The holidays are fast approaching and many already know what that means – “It’s the Most Wonderful Time of the Year!”
Although, if this isn’t the case for you, then hop aboard the not-so-jolly train.
Despite the otherwise joyous season, the “Holiday Blues” are a common problem among Americans and depression comes as your uninvited hick cousin Eddie and his family, imposing on your peace at Christmas setting up camp in their R.V. just outside in your front yard.
But don’t fret, just like the uninvited guests at Christmas, the holiday blues too, will eventually take a hike into an abyss that is, until next time when they spontaneously decide to show up again.
Like Seasonal Affective Disorder (SAD), your holiday blues are common and affect up to 20 percent of Americans each year.
The difference is SAD may extend on through the holidays until the winter season ends whereas the other will only be temporary usually ending when the last relative leaves to go back home after taking the hint that they’ve over stayed their welcome.
The two seasonal disorders should not be confused with actual depression which affects millions of Americans year round and is a far more serious disorder.
“I do have depression.
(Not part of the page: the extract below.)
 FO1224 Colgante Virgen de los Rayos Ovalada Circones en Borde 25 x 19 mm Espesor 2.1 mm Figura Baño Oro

I do have my moments where I’m overwhelmed. I believe many people do,” says Delta student Dustin Weyand who’s depression doesn’t typically get worse during the holidays but would agree that along with the financial burden of gift giving, looming final examinations, and keeping up with grades and assignments in class, the holidays can be overwhelming especially to someone already experiencing depressive episodes.
Whether you’ve got the “Christmas Blues” or suffer from SAD and you long for the warm sunny days of spring and summer, the good news is that the cold, gray skies only last for so long.
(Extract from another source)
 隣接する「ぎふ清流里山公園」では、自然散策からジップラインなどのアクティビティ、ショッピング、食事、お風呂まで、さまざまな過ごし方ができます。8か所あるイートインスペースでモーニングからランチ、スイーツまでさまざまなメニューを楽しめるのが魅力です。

When does something temporary such as the “holiday blues” or SAD turn into something more serious?
Comparing the blues to a depressive disorder is like comparing a cold to pneumonia.
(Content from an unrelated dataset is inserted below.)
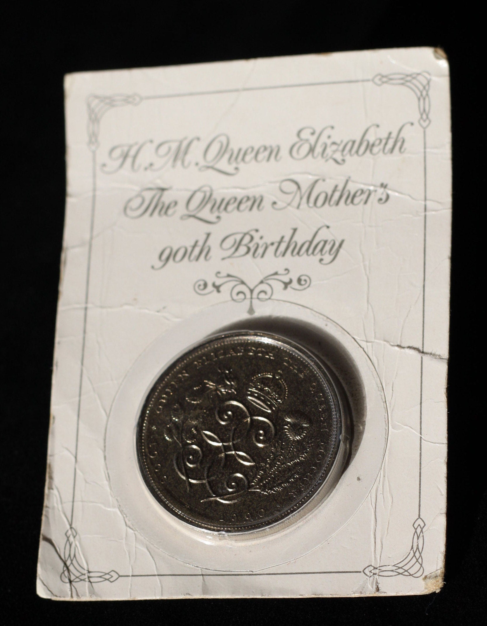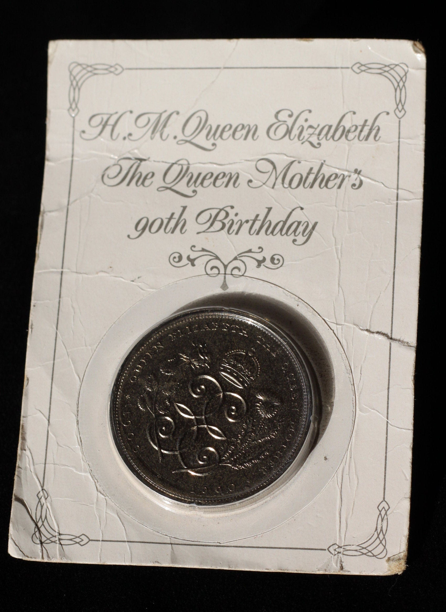 Here we have HM Queen Elizabeth's Mothers 90th Birthday Great Britain five pound coin issued to commemorate H.M. Queen Elizabeth, The Queen Mother's

It’s important to know the facts and to be able to distinguish something considered as seasonal as pumpkin spice during the holidays and something more chronic as a malignant tumor.
Some may not be able to identify the difference and there are those who may consider them both to be one in the same.
“While it may not be as chronic as every second of the day,” Says Weyand about his personal battle with depression,
“It’s absolutely more than anyone would ever want. Although I suppose that, for some, it may not be the Holidays that are the causation of their depression, but an enabler thereby. I believe there’s an intrinsic desire to give and to show thought for another person, and during the holiday season that’s especially acute. But making that happen isn’t necessarily realistic.” Adds Weyand.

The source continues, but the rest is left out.